Graph 5.7: Four chi-square probability distributions with different degrees of freedom

See a more succinct example using a loop in How to Plot a Chi-Square Distribution in R (bprasad26 2023)

R Code 5.26 : Chi-square probability distributions with 3 degrees of freedom

Code

ggplot2::ggplot() +
    ggplot2::xlim(0, 30) +
    ggplot2::stat_function(
        fun = dchisq,
        args = list(df = 3)
    )

Graph 5.8: Chi-square probability distributions with 3 degrees of freedom

Procedure 5.1 : Compute degrees of freedom (df) and population standard deviation of a chi-squared distribution

Subtract 1 from the number of each categories used for the test.
Multiply the resulting numbers together gives the degrees of freedom (df)
The square root of twice times df is the population standard deviation $\sqrt{(2 \times d f)}$ .

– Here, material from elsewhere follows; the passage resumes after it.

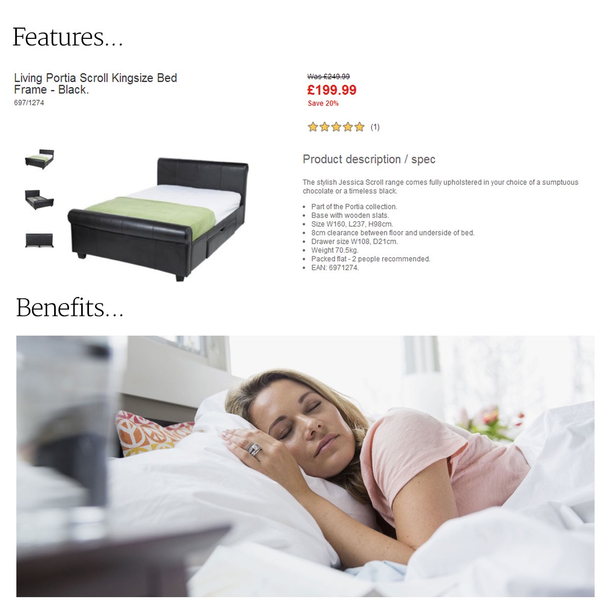 優秀なコピーライターは、ほとんどの人が製品の機能を気にしていないことを知っています。ユーザーが意識しているのは、機能自体ではなくそれらの機能がもたらすメリットです。
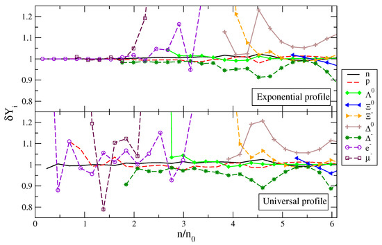 Dependence of the ratio on the baryon number density normalized to the nuclear saturation density for neutrons , protons , , , , , , and . The particle markers are indicated in the panel on the right. The upper panel corresponds to the exponential field profile, the lower one to the universal field profile.

Example 5.5 : Compute degrees of freedom (df) and population standard deviation for the chi-squared distribution of race by ease_vote

I am following Procedure 5.1:

Subtract 1 from the number of each categories used for the test.

We have four categories in race: White non-Hispanic, Black non-Hispanic, Hispanic, Other. $4 - 1 = 3$ .
We have 2 categories in ease_vote: Register to vote and Make easy to vote. $2 - 1 = 1$ .

Multiply the resulting numbers together gives the degrees of freedom (df): $3 \times 1 = 3$
The population standard deviation is $\sqrt{(2 \times d f)}$ = $\sqrt{(2 \times 3)}$ = 2.449.

The chi-squared distribution shown, which is the chi-squared probability density function (PDF), shows the probability of a value of chi-squared occurring when there is no relationship between the two variables contributing to the chi-squared.

Example 5.6 : Determine the probability using the chi-squared distribution

R Code 5.27 : Chi-squared probability distribution (df = 5)

Code

## Define start of shade
x_shade = 10 
y_shade = stats::dchisq(10, 5)



## Define sequence of x-values
tib <- tibble::tibble(x = seq(0, 30, length.out = 600)) |> 
    # Compute density values
    dplyr::mutate(
        y = stats::dchisq(x, df = 5)
    )

## Subset data for shaded area
shade_10 <- tib |> 
    dplyr::filter(x >= x_shade) |> 
    ## Necessary as starting point for y = 0!
    tibble::add_row(x = 10, y = 0, .before = 1)


tib |> 
    ## Plot the Chi-square distribution: df = 5
    ggplot2::ggplot(ggplot2::aes(x = x, y = y)) +
    ggplot2::geom_line() +
    
    ## Draw segment 
    ggplot2::geom_segment(
        x = x_shade,
        y = 0,
        xend = x_shade,
        yend = y_shade
    ) +
    
    ## Shade curve
    ggplot2::geom_polygon(
        data = shade_10, 
        fill = "lightblue",
        ggplot2::aes(x = x, y = y)
        ) +
    ggplot2::labs(x = "x", y = "Density", 
      title = paste("Chi-square with 5 degree of freedom and shaded area starting with x = 10.0"))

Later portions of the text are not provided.